Rob Campbell saw his first production of Shakespeare's Titus Andronicus about 22 years ago, at Yale School of Drama. He fell in love with it over time. It's actually not an easy play to love. Oft-maligned for being salaciously violent and grisly — I can tell you, without spoiling it, that there are multiple mutilations, a rape, and a cannibalism scene akin to the meat pies in Sweeney Todd — the play has garnered many unflattering tag lines. Salon reviewer Charles Taylor described it as "very near to Elizabethan pulp." PopMatters critic Cynthia Fuchs said it was "Shakespeare's most notoriously meltdown play." The 1999 film by Julie Taymor didn't do anything to burnish the play's reputation.
But Campbell said that he sees Titus as the work of a young writer just beginning to explore themes that later appear in King Lear and Richard III — such as that of the old man whose adherence to tradition is part of his undoing. In the current production at California Shakespeare Theater, famed local actor James Carpenter plays Titus, the Roman general who is anointed emperor at the behest of his brother. Anna Bullard is his daughter Lavinia. Stacy Ross is Tamora, the villainous Queen of Goths — and Titus' arch rival. And Campbell is Saturninus, the unsteady power-monger to whom Titus eventually cedes his throne.
Always vacillating between his own self-interest, and his thin sense of familial obligation, Saturninus is perhaps the most interesting character in the play. He's one of those guys who becomes evil by example — or, more accurately, because at the end of the first act he hooks up with Tamora. He's the consummate stooge.
Or so thought Campbell, who plays Saturninus as an unreliable shape-shifter whose actions are hard to predict. Every time you think he's going to take the high road, he turns around and becomes a bad guy again. Cal Shakes marketing director Marilyn Langbern said the performance made her shiver. "He's scary good."

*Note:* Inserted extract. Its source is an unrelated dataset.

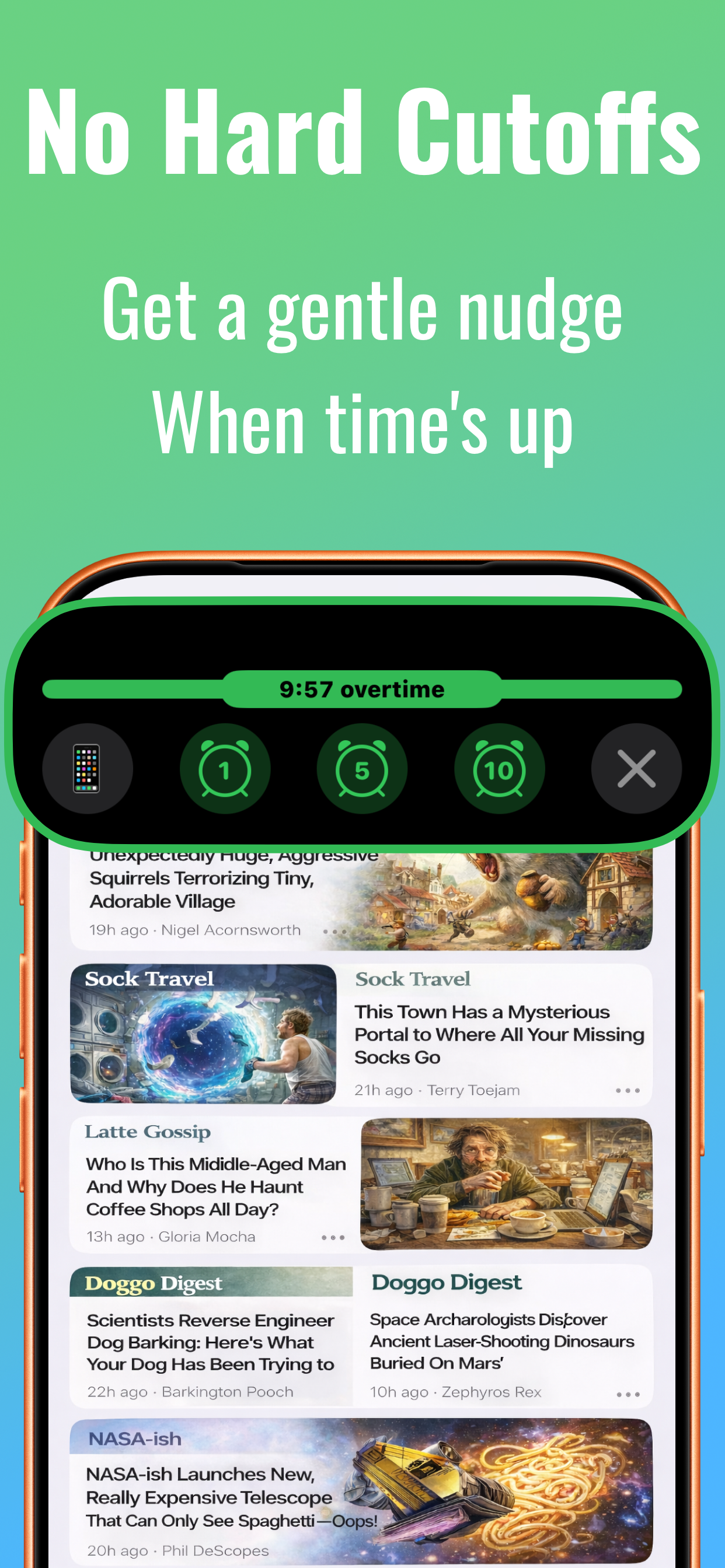When a session ends, a gentle notification lets you know and the timer starts counting up. You can keep going, or tap to extend by 1, 5, or 10 minutes without any friction. The app never locks you out or forces a choice that makes you resent it.

But the real Rob Campbell is thoughtful and soft-spoken. He's spent a good deal of time studying the play and psychoanalyzing his character. "He's clearly a very damaged guy," Campbell said, eating a candy bar as he waited for rehearsal to start last Thursday. "You see really quickly, from the beginning of the first act to the end of the first act, that his damage is dangerous. He's immediately attracted to one of the two villains of the play."
And it's easy to see why, when you consider the seductive powers of Queen Tamora. To Campbell, she supplies a kind of "evil moxie" that seems unique to Shakespearian femme fatales. Ross, who played Lady Macbeth in another Cal Shakes production overseen by the same director (Joel Sass, who is quickly establishing himself as an Oliver Stone of Elizabethan theater), seems like a perfect choice for the role. Thin and bird-like, she's capable of transforming into the kind of manipulator who feeds on male weakness. In Macbeth, she chewed up and immediately disgorged her husband's insecurities, easily molding him into the type of man she wanted. In Titus, she's vicious, Campbell assured. "I think Tamora's confidence, her extreme clarity as a villain — that's extremely hot. It's a total turn-on"
Not every Saturninus is genuinely attracted to Tamora. Many directors try to soft-pedal their relationship so that it appears to be all about power and opportunity. Some actors play Saturninus as a lily-livered, ill-tempered brat — such was the tack that Alan Cumming took in the 1999 Hollywood version. Some even render him a closet homosexual, whose marriage is but a ruse. Campbell's Saturninus is much more alluring. He's a sexual being, he's inscrutable, he's obviously insane but there's a reason behind his madness. He's not a foil for Tamora, but he might actually be a good partner.
Campbell has played other troubled men — including Reverend Hale in The Crucible and Ethan Watson in Sex and the City — and thus has no problem tackling Shakespeare's most repellant bad guy (or one of them, at least). In fact, he plays the role with gusto.